Indemnification Agreements.  Crane Co. has entered into indemnification agreements with Mr. Fast, each other Director, Messrs. MacCarrick, duPont, Mitchell and Bender, and the ten other executive officers of Crane Co., the form of which was approved by the shareholders at the 1987 Annual Meeting. The indemnification agreements require Crane Co. to indemnify the officers or directors to the full extent permitted by law against any and all expenses (including advances of expenses), judgments, fines, penalties and amounts paid in settlement incurred in connection with any claim against the indemnified person arising out of services as a director, officer, employee, trustee, agent or fiduciary of Crane Co. or for another entity at the request of Crane Co., and either to maintain directors and officers liability insurance coverage or to the full extent permitted by law to indemnify such person for the lack of such insurance.
 
Employment Agreement—Mr. Evans.  Mr. R.S. Evans serves as non-executive Chairman of the Board pursuant to an agreement entered into in 2001 upon his retirement as Chief Executive Officer of Crane Co. Under this agreement as amended in April 2004, Mr. Evans receives an annual retainer of $100,000 and medical and dental insurance benefits comparable to those available to the Company’s employees generally. In addition, Crane Co. provides Mr. Evans with an office at its headquarters and the use of the corporate airplane for business and personal use subject to the approval of the Chief Executive Officer. The agreement has a term of three years, renewable each year for an additional year, and if Crane Co. terminates Mr. Evans’ employment other than for cause, or if Mr. Evans terminates his employment for Good Reason (as defined in the agreement) or for any reason after a change in control, Mr. Evans would be entitled to receive a lump sum cash payment equal to the full amount of his retainer through the end of the term of the agreement.
 
Use of Company Aircraft.  Crane Co. has entered into time share agreements with Mr. Evans and Mr. Fast regarding personal use of the corporate aircraft, including aircraft leased by Crane Co. from a third party operator. Under these agreements, which became effective on January 1, 2004 and were renewed on January 30, 2007, Crane Co. agrees to lease the aircraft to the executive pursuant to federal aviation regulations and to provide a qualified flight crew, and the executive agrees to pay Crane Co. for each flight an amount equal to the lesser of (i) the amount calculated for personal use of aircraft under Department of Treasury regulations or (ii) the sum of specified expenses actually incurred for such flight. Effective January 1, 2009, the agreement with Mr. Evans was amended to provide that he pay the aggregate incremental cost of aircraft operation. During 2009, the aggregate incremental cost to Crane Co. for personal use of the aircraft by Messrs. Evans and Fast, less amounts paid by them under the time share agreements, was $0 and $67,860, respectively. Such incremental costs include fuel, landing fees, parking fees, temporary hangar charges, flight crew meals and lodging, and, for chartered aircraft, the entire charter fee.
 
SECTION 16(a) BENEFICIAL OWNERSHIP REPORTING COMPLIANCE
 
For the year ended December 31, 2009, based solely upon our review of the reports filed by our directors and executive officers under Section 16(a) and representations provided to us by our directors and executive officers, we believe that each director and executive officer filed all required reports under Section 16(a) of the Securities Exchange Act of 1934 on time.
 
OTHER TRANSACTIONS AND RELATIONSHIPS
 
Mr. Queenan.  The law firm of K&L Gates LLP furnished legal services to Crane Co. in 2009, predominantly for asbestos-related matters, for which Crane Co. paid approximately $32.4 million.
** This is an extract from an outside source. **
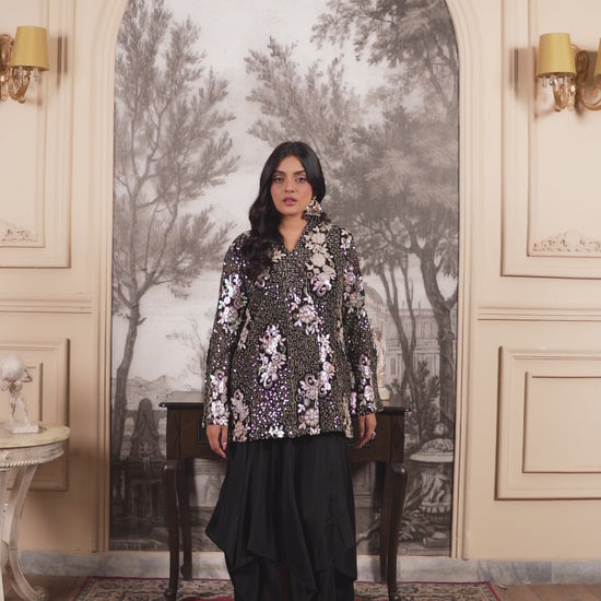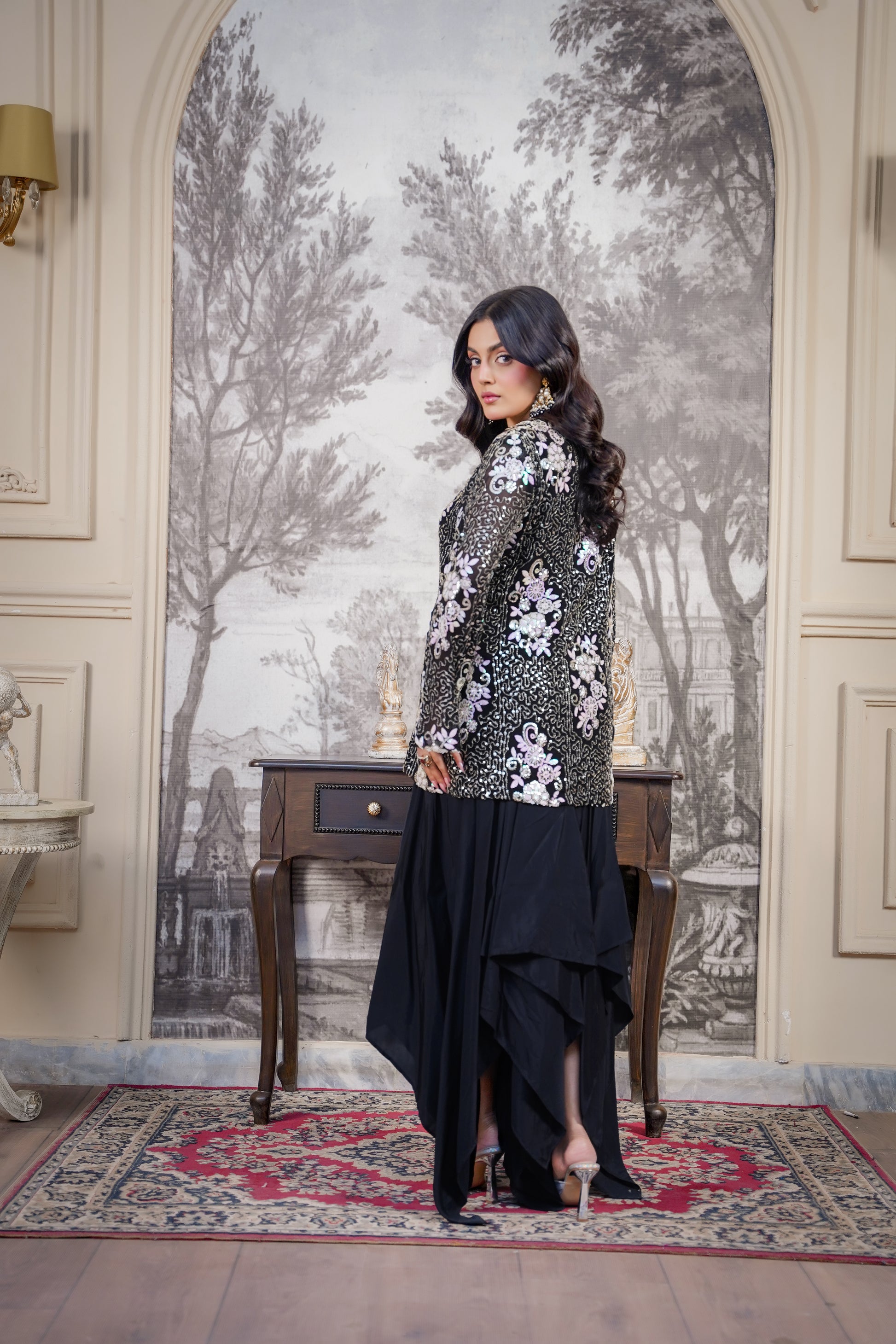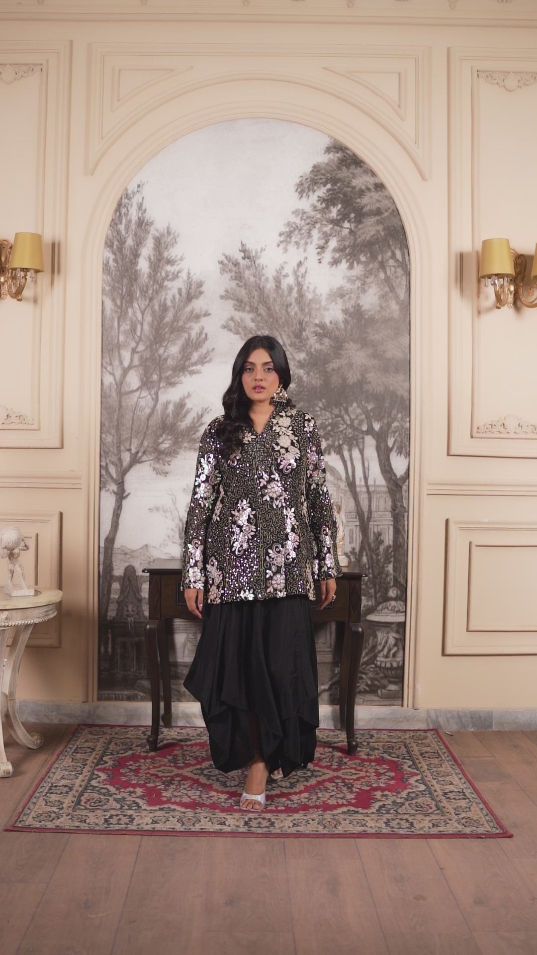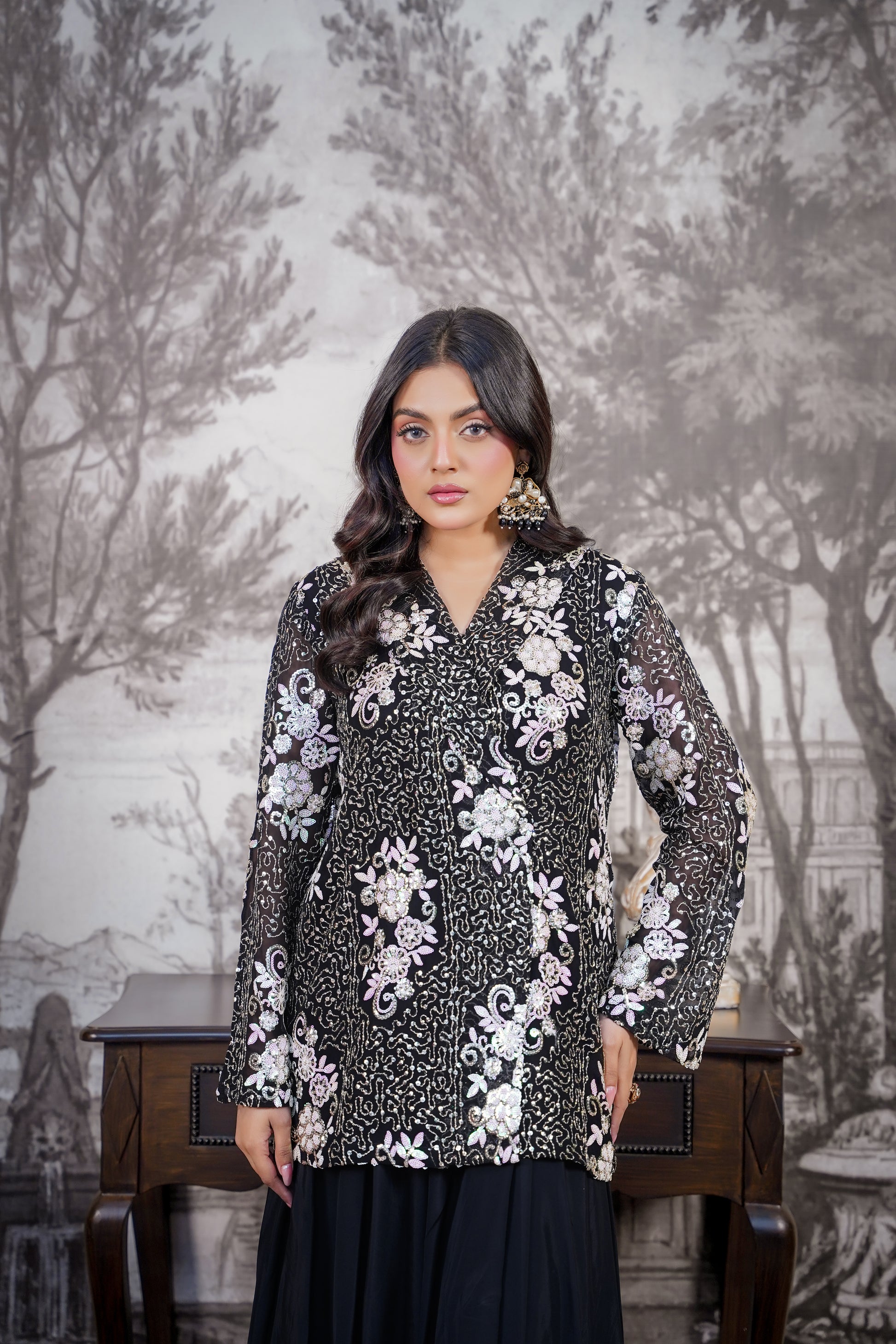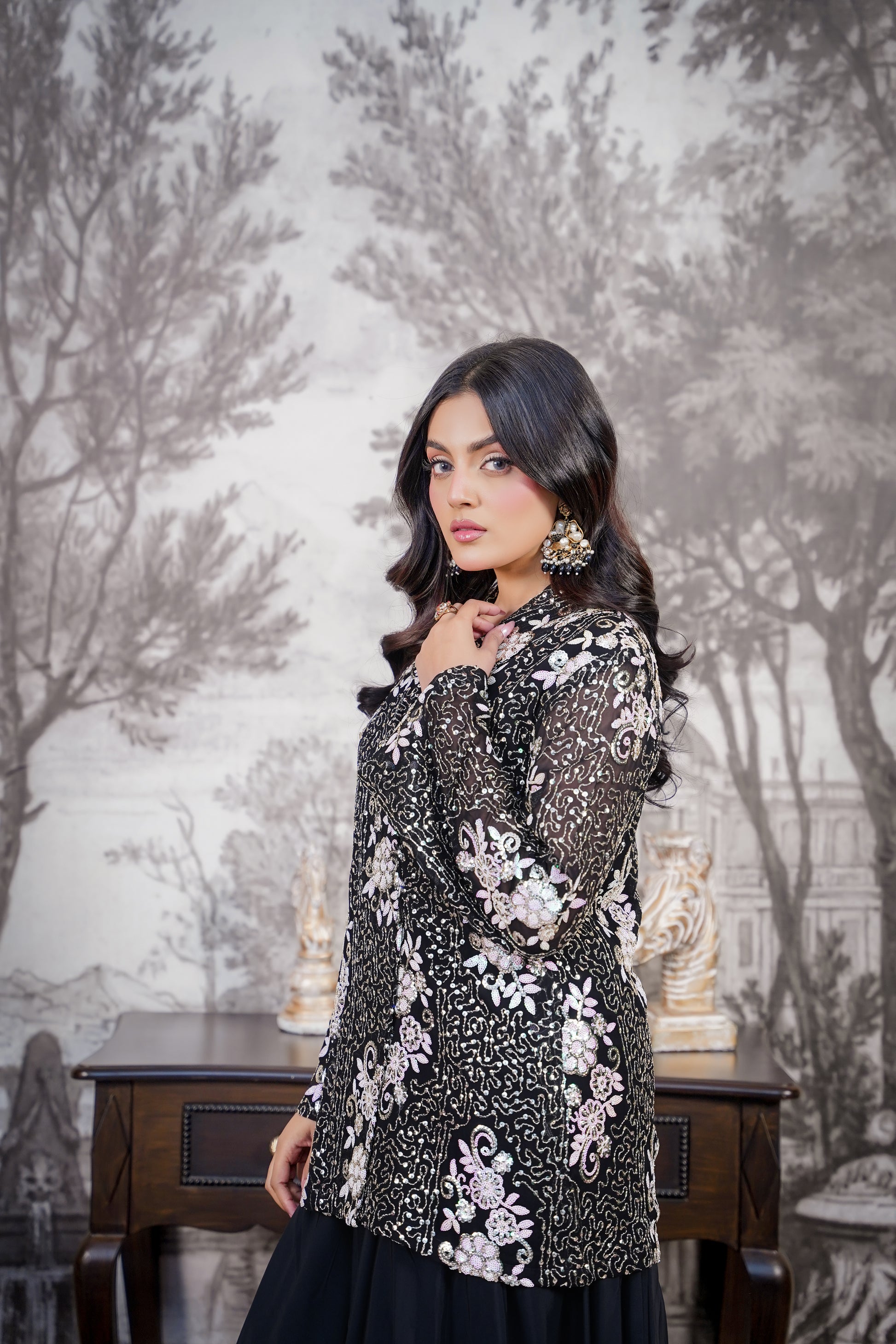 | Shirt | Fully Sequine Chiffon black Embroidered Front Back sleeves coat attache ineer | |||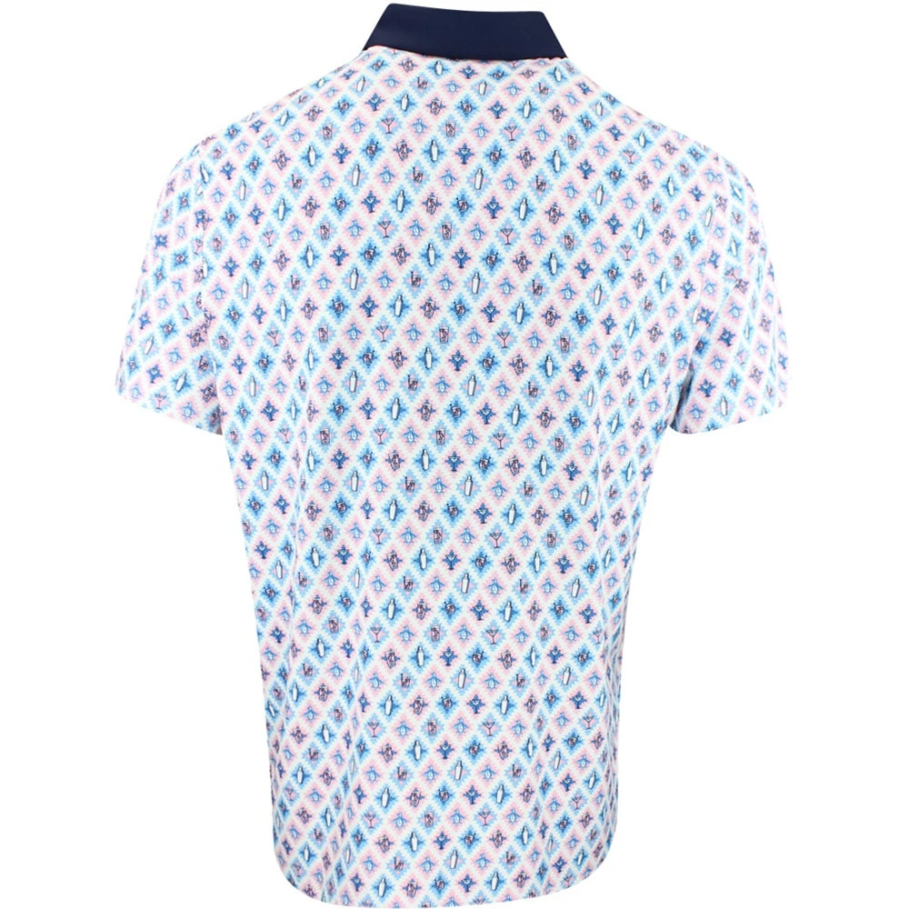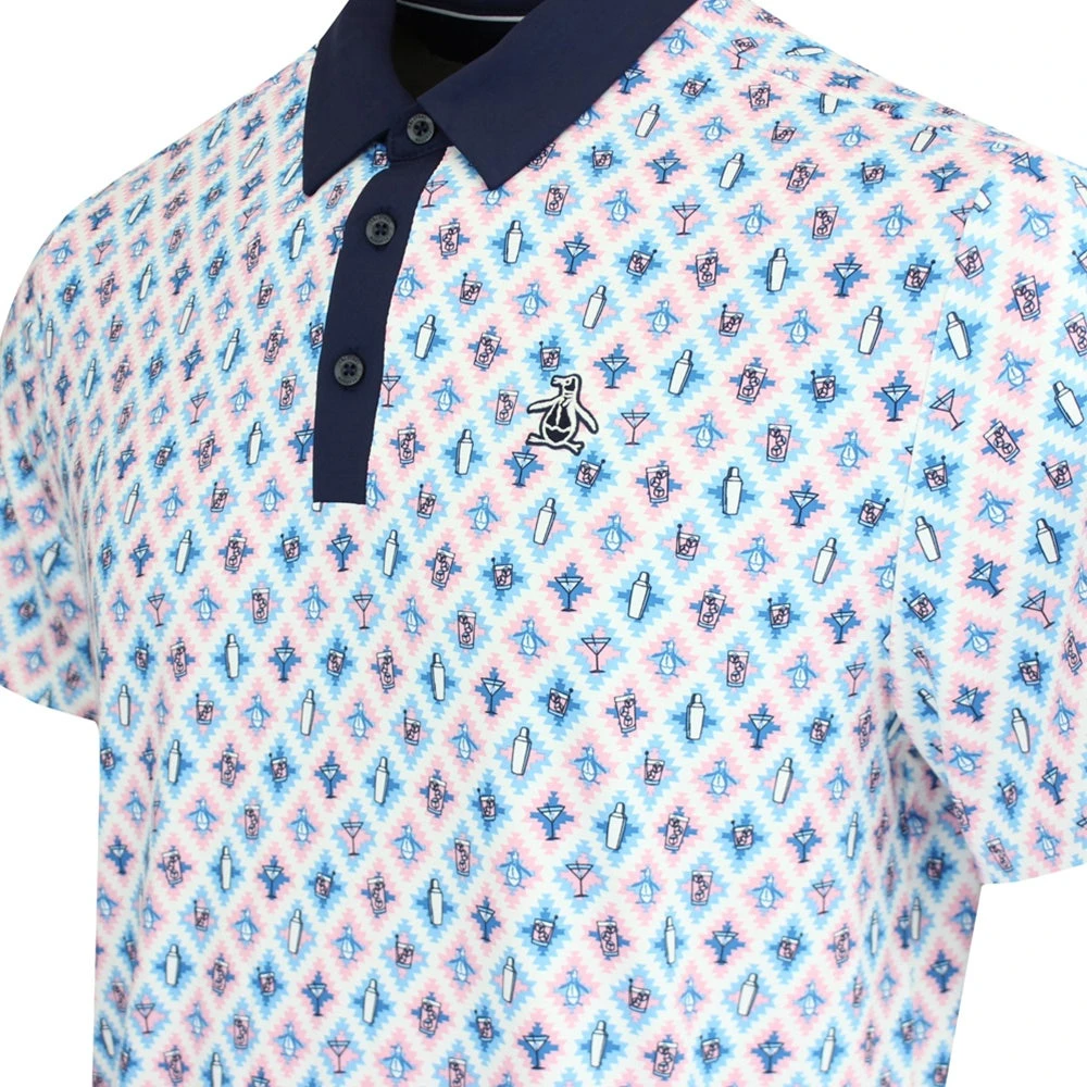 Original Penguin golf shirts are up there with the best in the game and we love this new style which has arrived from the AW23 collection. It’s a technical, performance-driven style which embraces an all over “Atomic Cocktail” geometric print – a fun design which also features a variety of motif logos within the diamond grid pattern. The soft and flexible fabric offers supreme comfort with freedom of movement and moisture wicking performance, while the signature OPG fit and hem vents allow this style to be worn untucked with ease. The “Sticker Pete” logo is located at the left chest and helps to round off another outstanding polo shirt from Original Penguin.

Mr. Queenan retired in 1995 as a partner of a predecessor law firm; he remains senior counsel to the firm, but no longer has any interest in its profits.
 
COMPENSATION COMMITTEE INTERLOCKS AND INSIDER PARTICIPATION
 
No member of the Management Organization and Compensation Committee is or has ever been an officer or employee of Crane Co., and no executive officer of Crane Co. has served as a director or member of the compensation committee of another company of which any member of the Management Organization and Compensation Committee is an executive officer.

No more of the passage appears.